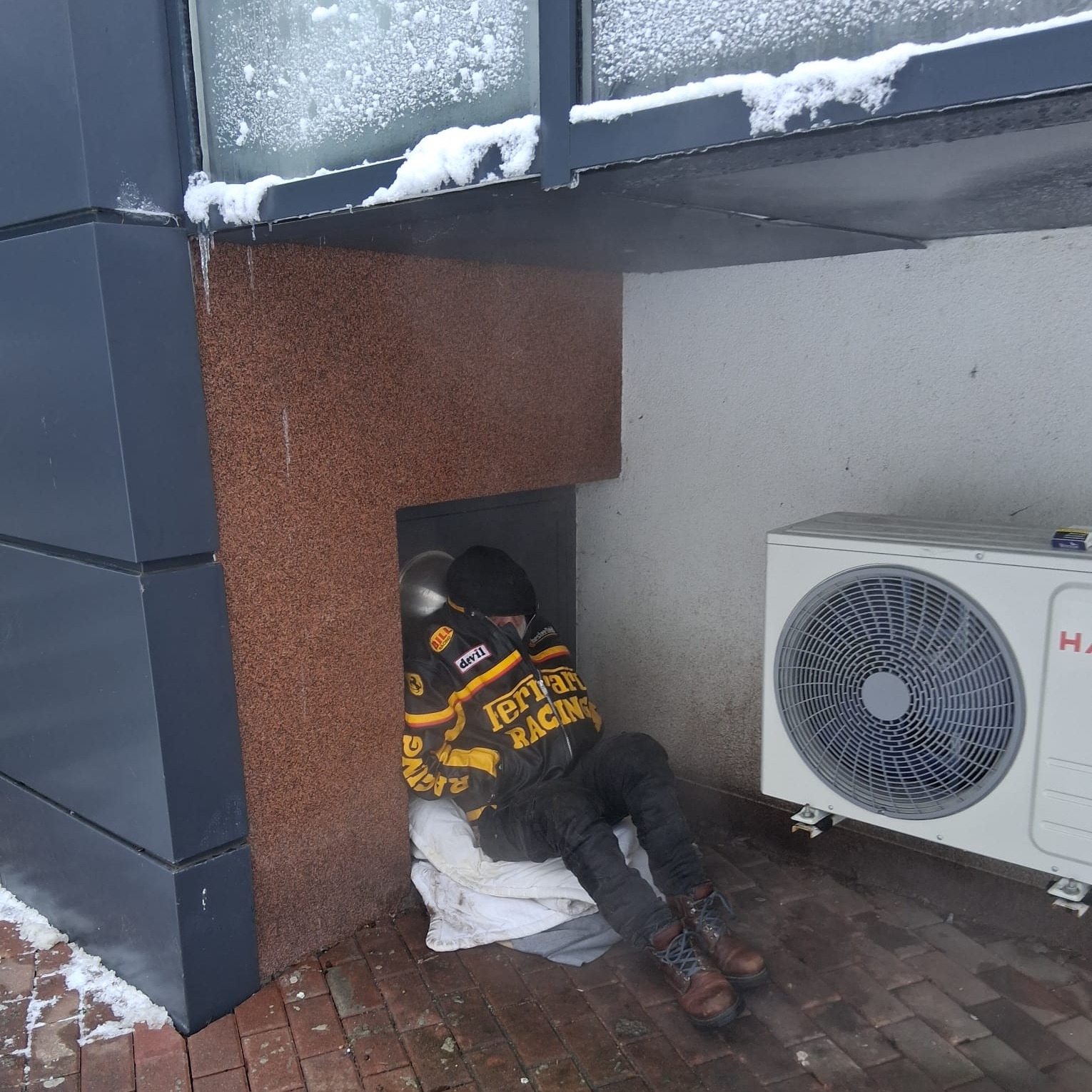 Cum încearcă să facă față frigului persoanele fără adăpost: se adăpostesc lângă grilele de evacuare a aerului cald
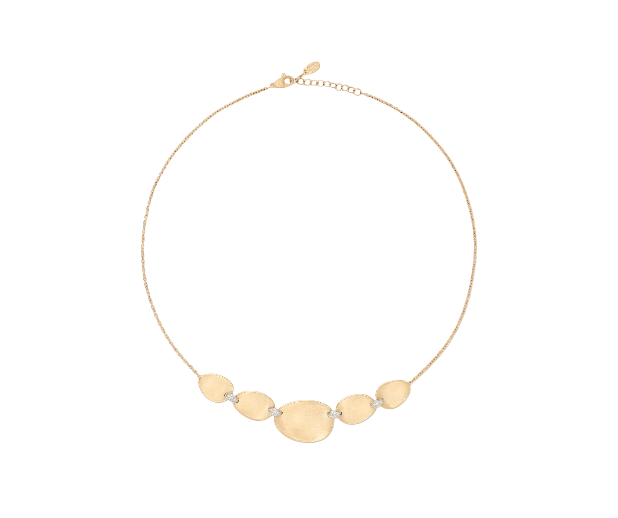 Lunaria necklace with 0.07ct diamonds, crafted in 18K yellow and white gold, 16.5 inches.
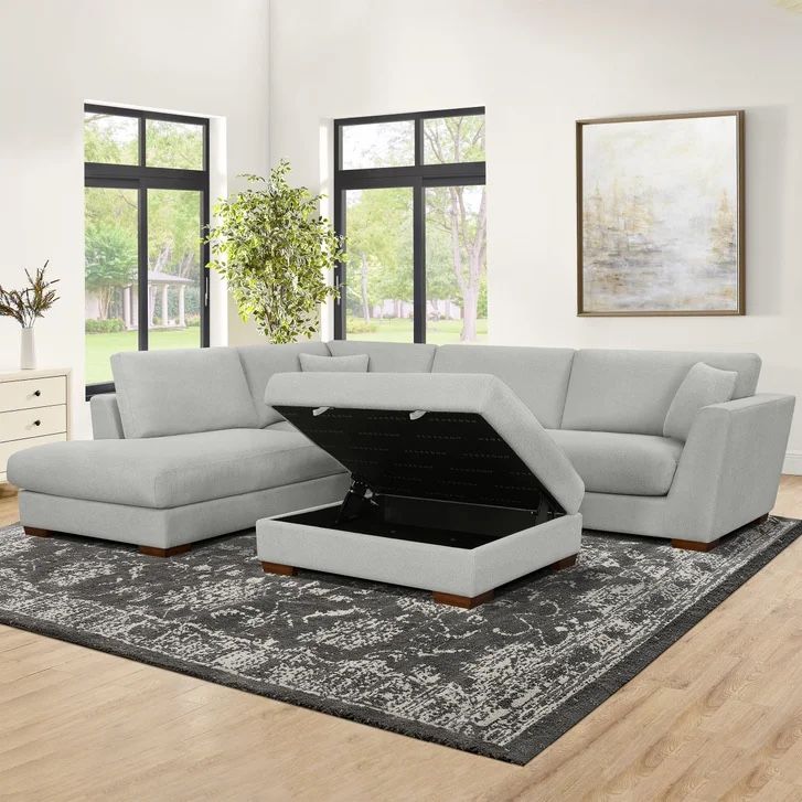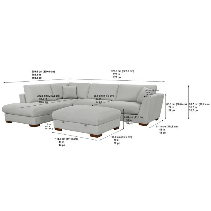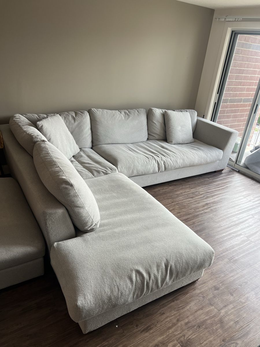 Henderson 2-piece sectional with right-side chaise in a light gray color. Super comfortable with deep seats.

> **TASK REQUIREMENTS**:
An exact copy of the listing is required, with every image removed.

> **REPLY**:
 Cum încearcă să facă față frigului persoanele fără adăpost: se adăpostesc lângă grilele de evacuare a aerului cald
 Lunaria necklace with 0.07ct diamonds, crafted in 18K yellow and white gold, 16.5 inches.
 Henderson 2-piece sectional with right-side chaise in a light gray color. Super comfortable with deep seats.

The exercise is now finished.